Transcribe exactly, and only, the lines running from the one with "Hundreds of products" to the end of the entries below, both included, without any pictures.

Data excerpts:
*** Block opens ***

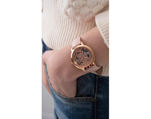 Kvarcs Sieviete Rokas pulkstenis Guess GW0383L2 ar Nerūsējošais tērauds korpusu, ar diametru 36 mm, Minerāls stikls, Rozā zelts ciparnīcu un Roze Āda siksnu.
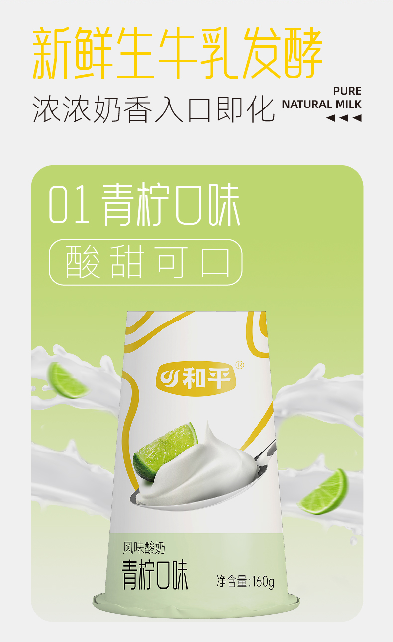 【超好喝!】倒置杯青柠口味酸牛奶160g*3杯
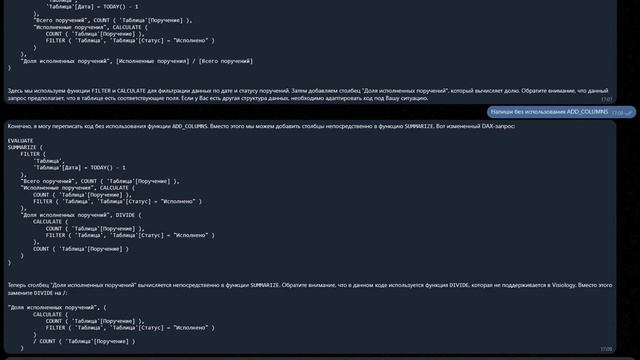 ViTalk GPT - виртуальный ассистент от компании Visiology с искусственным интеллектом. Он прост в использовании, работает в диалоговом режиме и помогает писать DAX-запросы и ETL-скрипты для аналитической платформы. Чат-бот принимает задачи, сформулированные на естественном языке, а на выходе выдает готовые скрипты для использования с открытой ETL-системой Vixtract, либо расчетные формулы на аналитическом языке DAX для использования в Visiology. Нейросеть знает, учитывает все особенности платформы при написании кода и помогает создать его. Виртуальный ассистент будет понятен и близок всем, кто работал с продуктами Microsoft. Visiology обучила нейросеть на базе знаний о платформе и продолжает совершенствовать своего чат-бота. И сейчас ViTalk GPT - в стадии публичного бета-тестирования, с нейросетью могут работать все пользователи Visiology. Ассистент может генерировать рекомендации, которые покажутся пользователям не вполне точными. Для «беты» это нормально, просим проверять код перед использованием и задавать наводящие вопросы в случае сомнений в правильности ответов чат-бота. ViTalk GPT в Telegram - @vitalk_gpt_bot Ссылка на ViTalk GPT - t.me/vitalk_gpt_bot
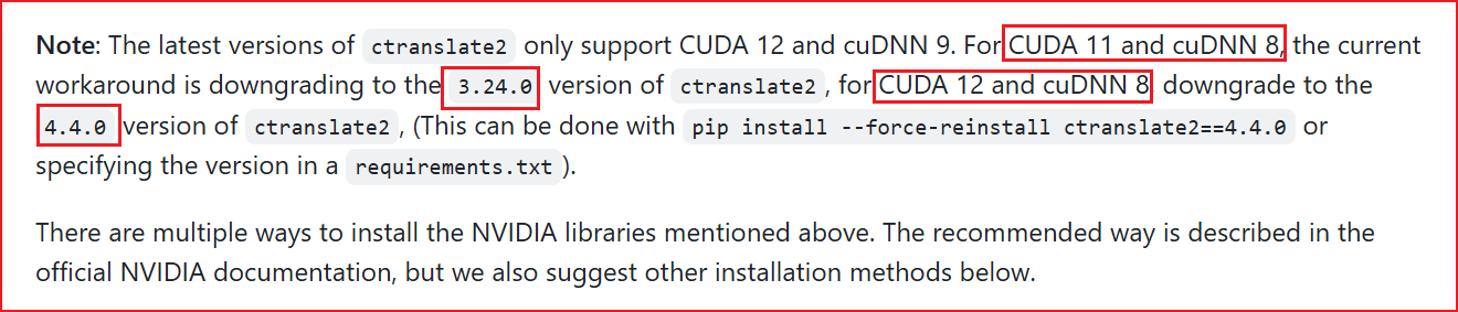 ctranslate2降级,使用指令pip install --force-reinstall ctranslate2==4.4.0- CUDA11 + cuDNN8 降级至 3.24.0
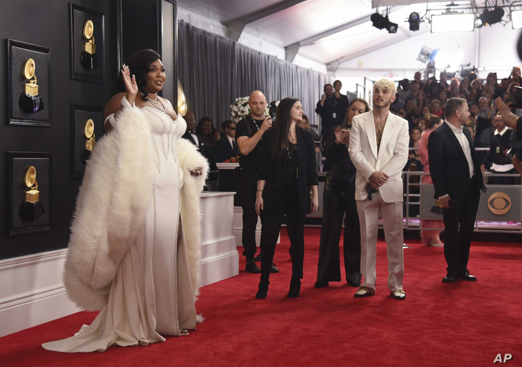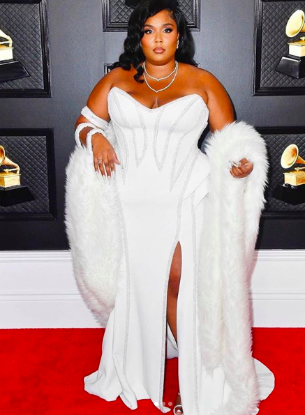 With a high-leg slit, embedded crystals and on-point accessorizing, Lizzo’s white Versace gown turned heads.
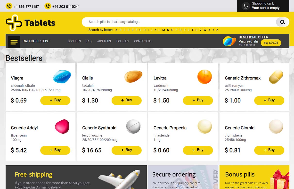 Hundreds of products are available for sale at this pharmaceutical e-commerce store with the majority of those products being generic. Bonus pills are promised with every and also a secure 256-bit order portal is also promised to all customers for extra security.
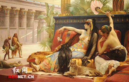(克娄巴特拉用死囚尝毒(法国学院派油画)作者:亚历山大•卡巴内尔)
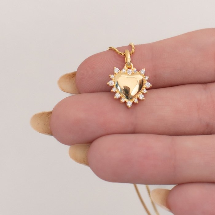 PINGENTE CORAÇÃO CRAVEJADO COM ZIRCÔNIAS NAS LATERAIS 1 CMQTDE PCT: 5 PÇS

*** Block closes ***

Answer:
 Hundreds of products are available for sale at this pharmaceutical e-commerce store with the majority of those products being generic. Bonus pills are promised with every and also a secure 256-bit order portal is also promised to all customers for extra security.
(克娄巴特拉用死囚尝毒(法国学院派油画)作者:亚历山大•卡巴内尔)
 PINGENTE CORAÇÃO CRAVEJADO COM ZIRCÔNIAS NAS LATERAIS 1 CMQTDE PCT: 5 PÇS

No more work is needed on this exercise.